Methodology of data extraction from a corpus for the conceptual analysis of metaphor in legal English

Kucheruk Liliya Vladimirovna

Section 13. Philology and linguistics

Section 13. Philology and linguistics Секция 13. Филология и лингвистика

Kucheruk Liliya Vladimirovna, Oles Honchar Dnipropetrovsk national university,

Postgraduate student E-mail: lkucheruk@mail.ru

Methodology of Data Extraction from a Corpus for the Conceptual Analysis of Metaphor in Legal English

Abstract: The present paper entitled “Methodology of data extraction from a corpus for the conceptual analysis of metaphor in legal English” investigates the main approaches to the study of metaphor in legal language from the point of view of cognitive linguistics. It also offers the most widely spread methods of data extraction form a corpus.

Key words: corpus-bases approach, conceptual mapping, source domain, target domain, corpora.

In the last 20 years, corpus-based approaches to language have achieved great significance in linguistics, and are now regarded as an indispensable component of language study (irrespective of theoretical affiliation). Corpus driven studies are required in research fields that consider different levels of linguistic structure, and focus on language use.
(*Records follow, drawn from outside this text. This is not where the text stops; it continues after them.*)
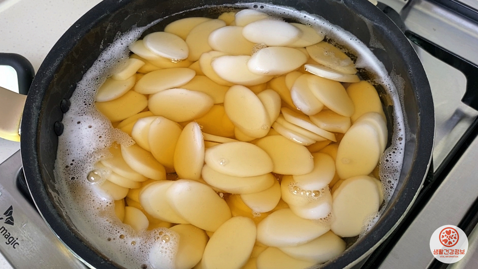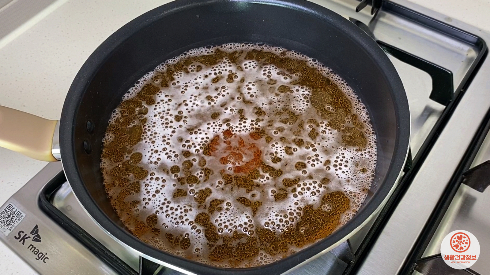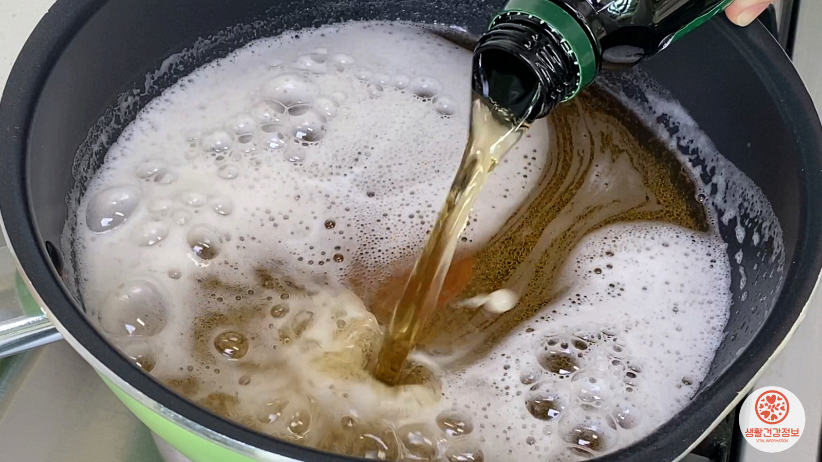 거품이 넘치기 전에 가스불을 끄고
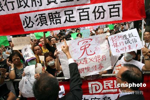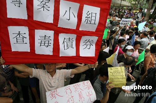 受雷曼迷你債券事件影響的香港市民,在香港立法會(huì)前請(qǐng)?jiān)浮V行律绨l(fā) 洪少葵 攝
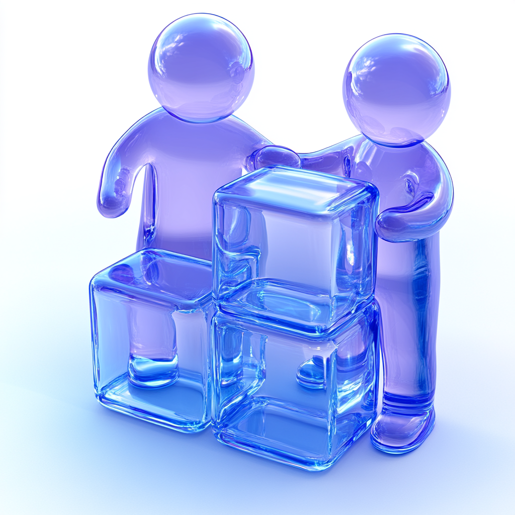 /Collection: /by davooda/Type: PNG/A visually engaging 3D depiction of two stylized figures stacking transparent cubes, representing teamwork or construction concepts. Ideal for use in digital design projects.
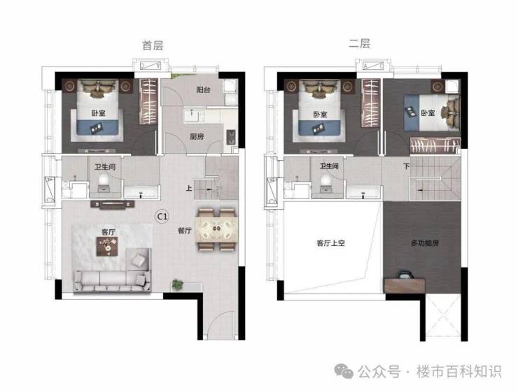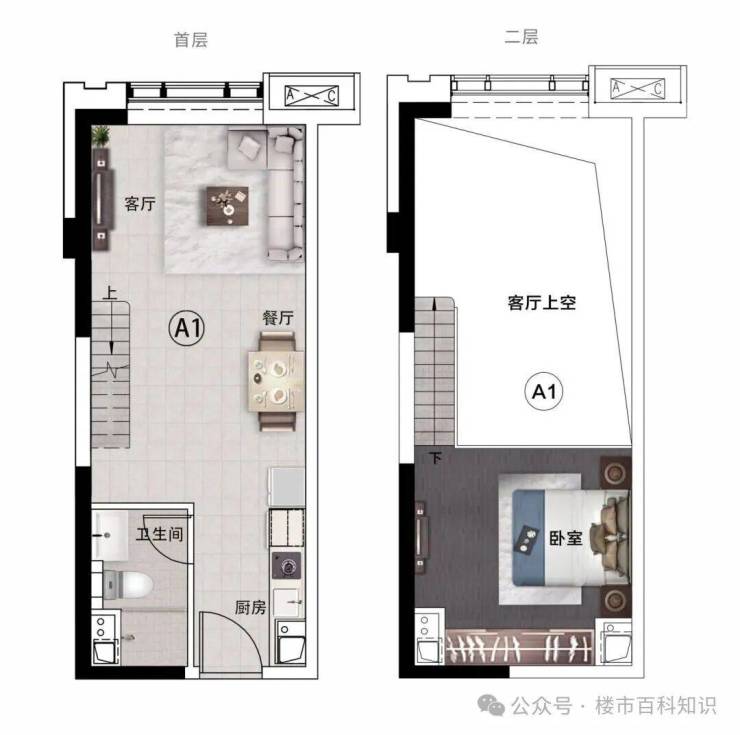 2. 百变loft产品 | 49.72㎡一室二厅一卫4.5米层高 挑空客厅 舒适度已然拉满餐客厨一体化设计 放大生活质感整层卧室设计 奢享私密上下之间 尽拥时光百变
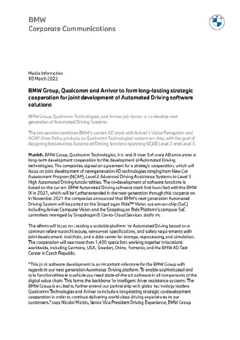 BMW Group, Qualcomm Technologies et Arriver unissent leurs forces pour co-développer la prochaine génération de systèmes de conduite automatisée. Cette coopération combine la pile AD actuelle de BMW avec les produits Vision Perception et NCAP Drive Policy d'Arriver sur le "system-on-chip" (SoC) de Qualcomm Technologies, dans le but de concevoir les meilleures fonctionnalités de conduite automatisée de leur secteur, couvrant les niveaux NCAP, 2 et 3.
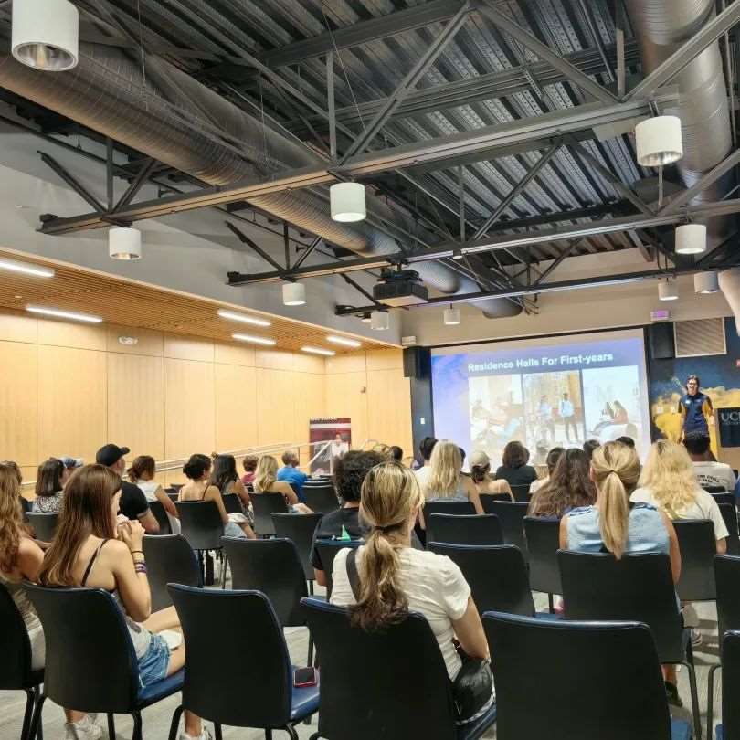 相比加州大学伯克利校区、洛杉矶校区,戴维斯是我们更有可能够到的学校。今天我们首先在学生中心听招生的讲座,由学校的学生志愿者进行讲解。我们还有一个惊喜,是遇到了之前的学长,他今天陪着我们逛了一遍学校。带队参观的大学志愿者全程英文,有时候听不懂的英文,学长会把重点的部分帮我们进行讲解。 ——Lee
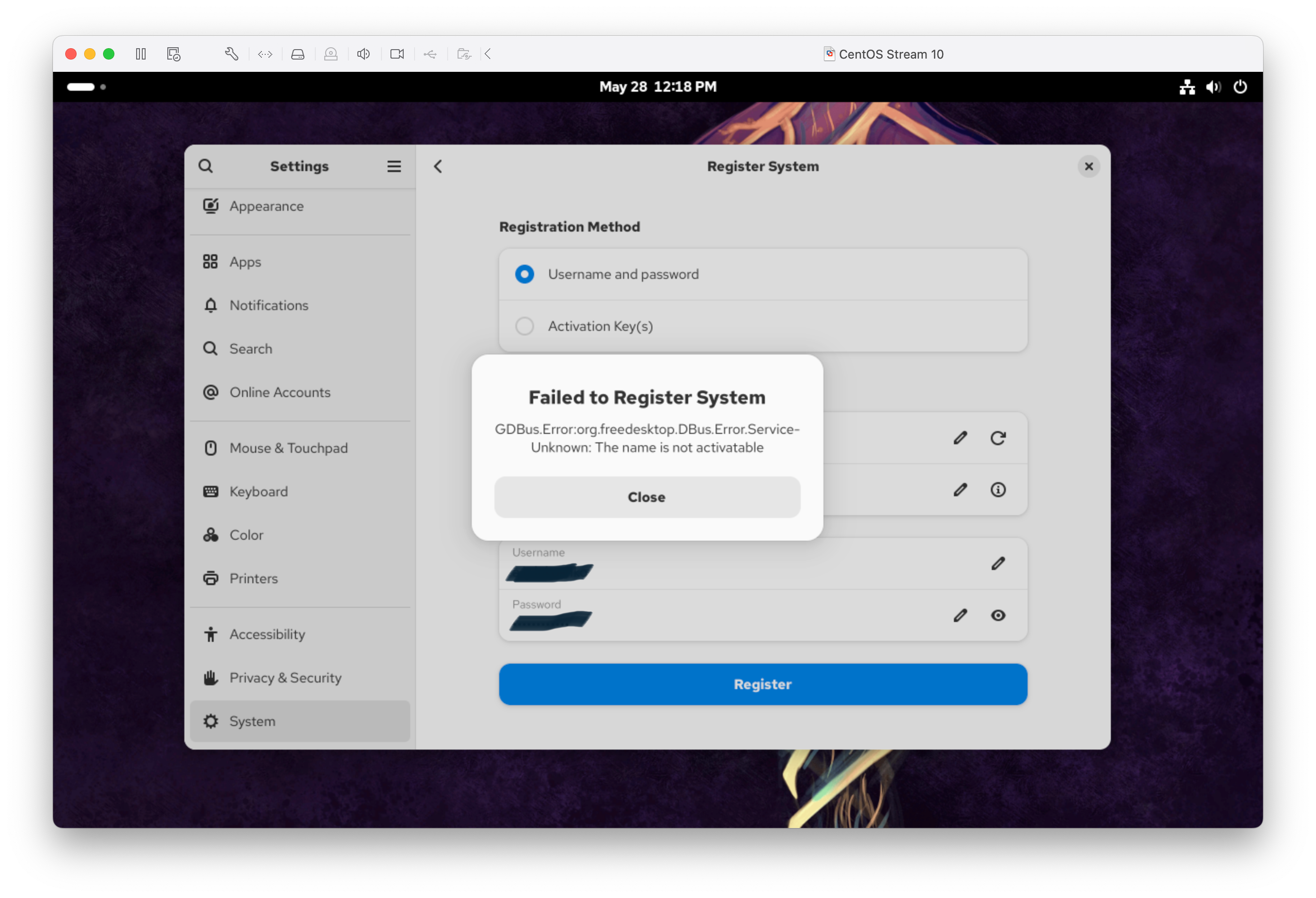 GNOME Settings shows System -> Registration module that proposes to register system to Red Hat but it doesn't work anyway.
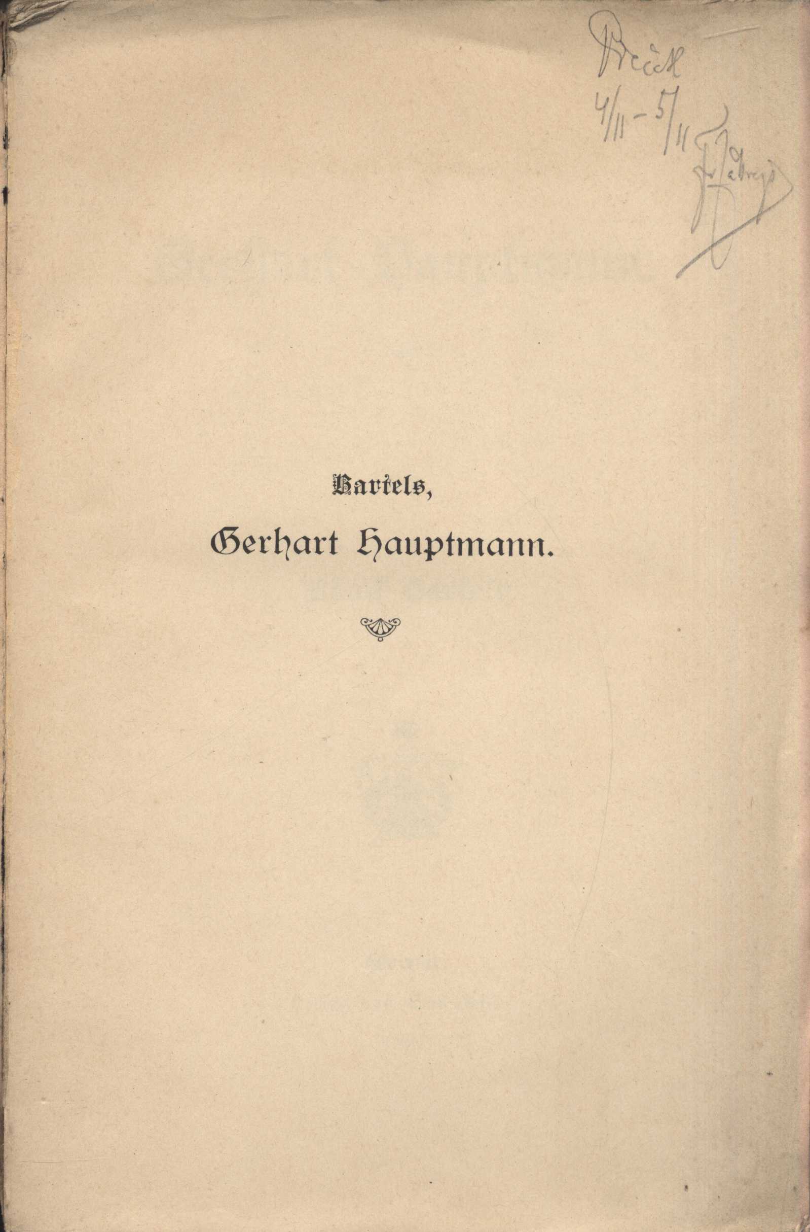 Title information Gerhart Hauptmann / von Adolf Bartels Personal name Bartels, Adolf, 1862-1945 (Author) Další autoři Felber, Emil , 1866-1932 (Publisher) Zákrejs, František, 1839-1907 (Former owner) (Illustrator) Publication Weimar : Emil Felber, 1897 Scope 255 s. ISBN brož. Country Germany Language German Note Na obálce a na titulním listu nakladatelský signet. - Sazba gotikou. - Nakladatelská reklama. - Životopisná tabulka.
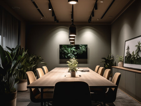 Modern conference room with large table and chairs lit by industrial pendant lights

But studies in cognitive semantics, especially those connected with conceptual mapping, are still in dire need of more corpus research, as many such studies are still being carried on some randomly selected data. Such an approach to the investigation of conceptual mappings, namely to the investigation of conceptual metaphors, may eventually create problems, especially when the aim of the research is a systematic characterization of a particular conceptual mapping, or of source/target domains. Thus, it turns out to be necessary to ground the research on some representative empirical data, which is authentic and can be accessed via relevant corpora. Only empirical data will “enable the linguist to make statements which are objective and based on language as it really is”. Such statements are to be contrasted with more “subjective” statements “based upon the individual’s own internalized cognitive perception of the language” [2, 103].

168

Секция 13. Филология и лингвистика

The first problem that should be solved in the process of using a corpus-based approach to the investigation of metaphors is that of extracting and identifying the data from the corpus. Extracting relevant material from a corpus becomes extremely difficult when applied to metaphors, as the way in which the process of conceptual mapping takes place is not tied to some particular linguistic forms. “Computer programs can organize language data swiftly and accurately on orthographic principles, but identifying and describing features such as grammatical patterns, meaning, and pragmatic use can only be done by a human analyst" [1, 92]. So a researcher who is investigating particular linguistic units or patterns has to look through a considerable amount of linguistic material, searching for some definite manifestations of the patterns in question. The process for extracting and identifying relevant data in a corpus should be carried out by the following procedures:

1. manual searching;

2. searching for the vocabulary of a source domain;

3. searching for the vocabulary of target domain;

4. searching for sentences containing items from both the source and target domains;

5. extraction from a corpus annotated for semantic fields;

6. extraction form a corpus annotated for conceptual mappings;

7. searching for metaphors based on “markers of metaphors”.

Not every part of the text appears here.